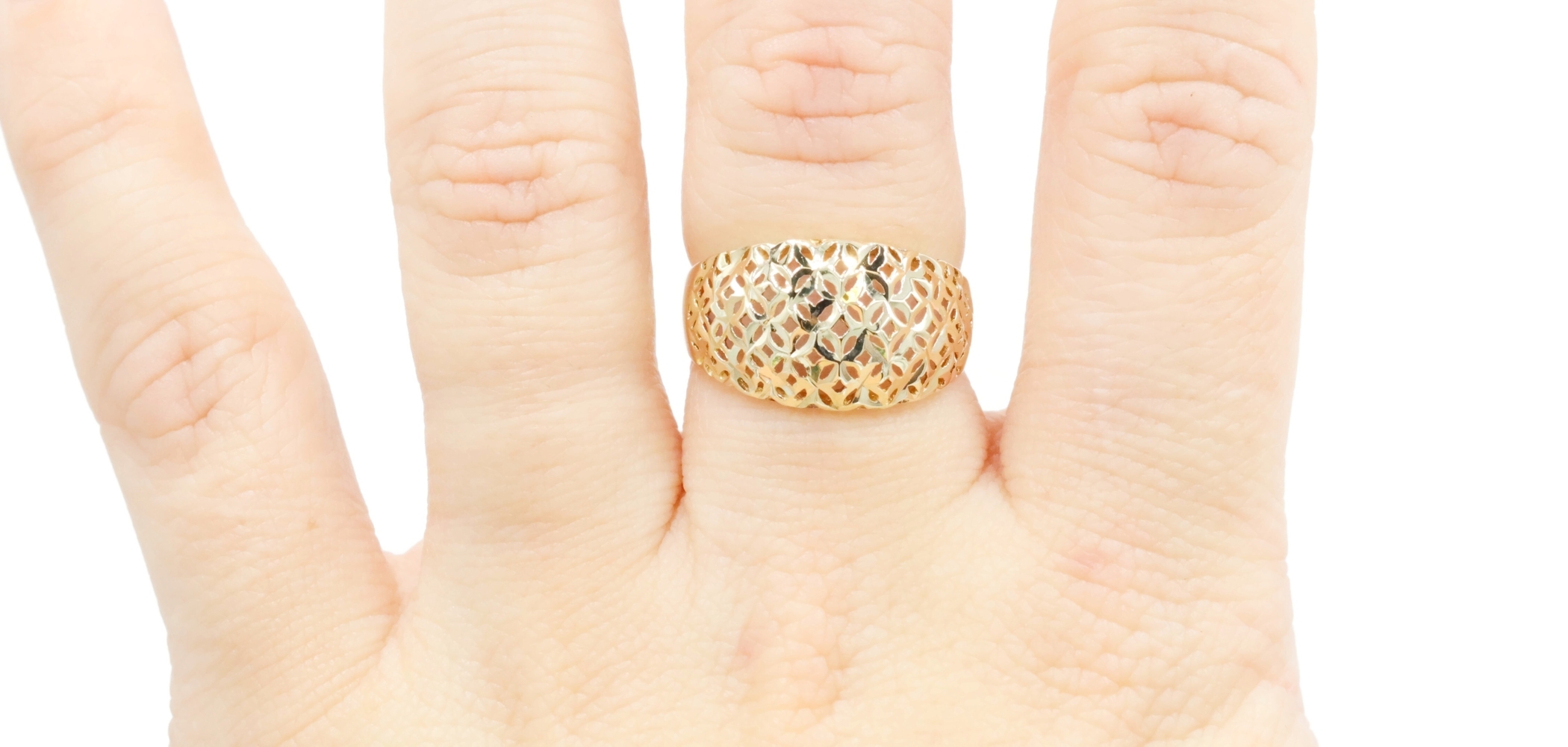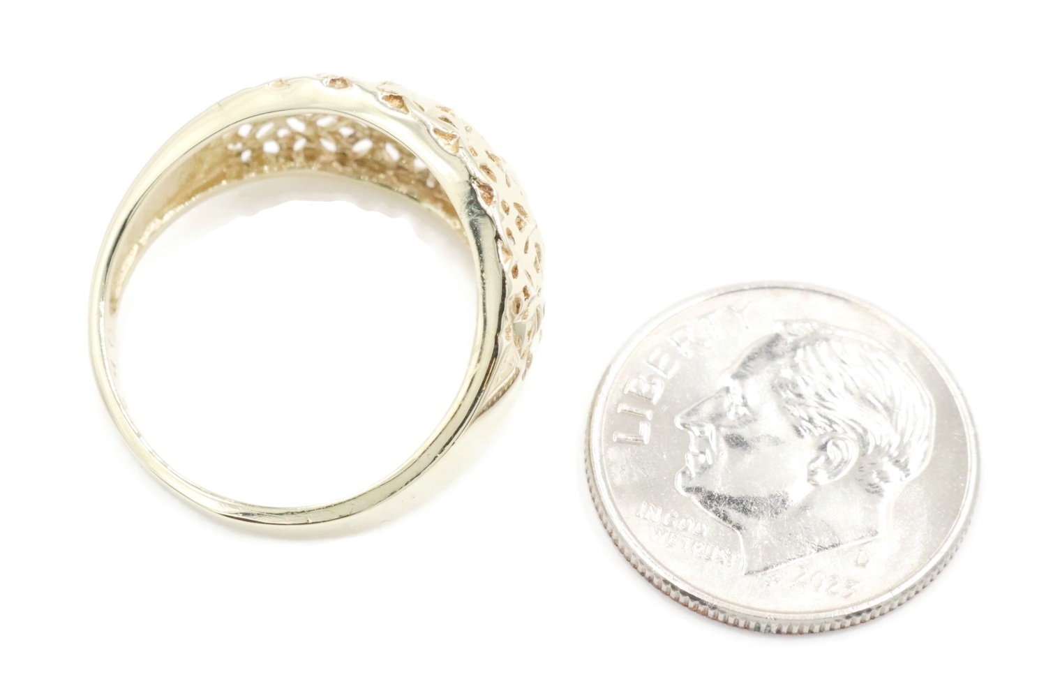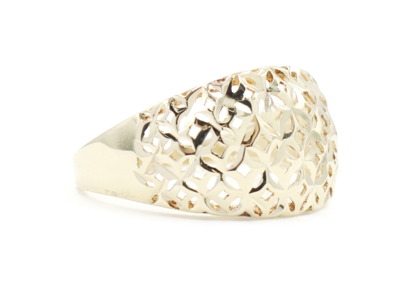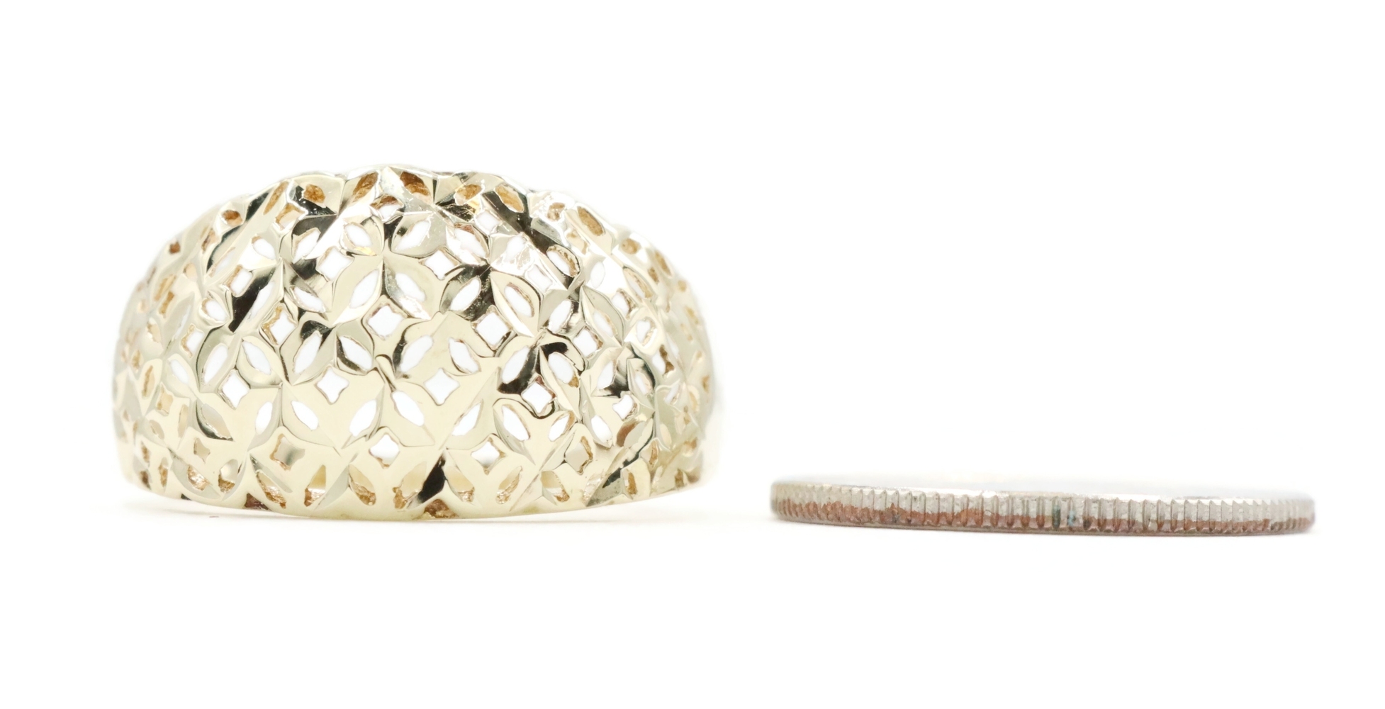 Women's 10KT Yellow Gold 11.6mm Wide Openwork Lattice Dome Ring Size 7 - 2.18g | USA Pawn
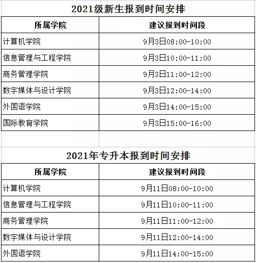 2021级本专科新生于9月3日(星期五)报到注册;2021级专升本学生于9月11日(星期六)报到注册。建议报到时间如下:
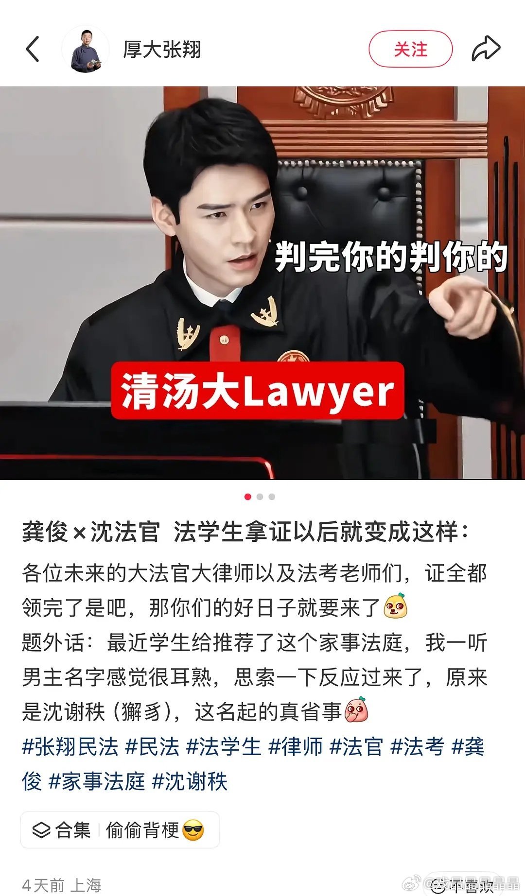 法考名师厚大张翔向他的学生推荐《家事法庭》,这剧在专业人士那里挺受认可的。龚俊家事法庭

==

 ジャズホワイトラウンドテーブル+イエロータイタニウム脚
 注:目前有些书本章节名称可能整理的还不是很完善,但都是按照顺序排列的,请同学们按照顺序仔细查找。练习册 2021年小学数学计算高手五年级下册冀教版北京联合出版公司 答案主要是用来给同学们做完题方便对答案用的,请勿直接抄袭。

▶ **What needs to be done**: From the records above, quote word for word only the lines beginning at the line that has "2021级本专科新生于9月3" and stopping after the line that has "法考名师厚大张翔向他的学生推". Omit the pictures.

▶ **Task output**:
 2021级本专科新生于9月3日(星期五)报到注册;2021级专升本学生于9月11日(星期六)报到注册。建议报到时间如下:
 法考名师厚大张翔向他的学生推荐《家事法庭》,这剧在专业人士那里挺受认可的。龚俊家事法庭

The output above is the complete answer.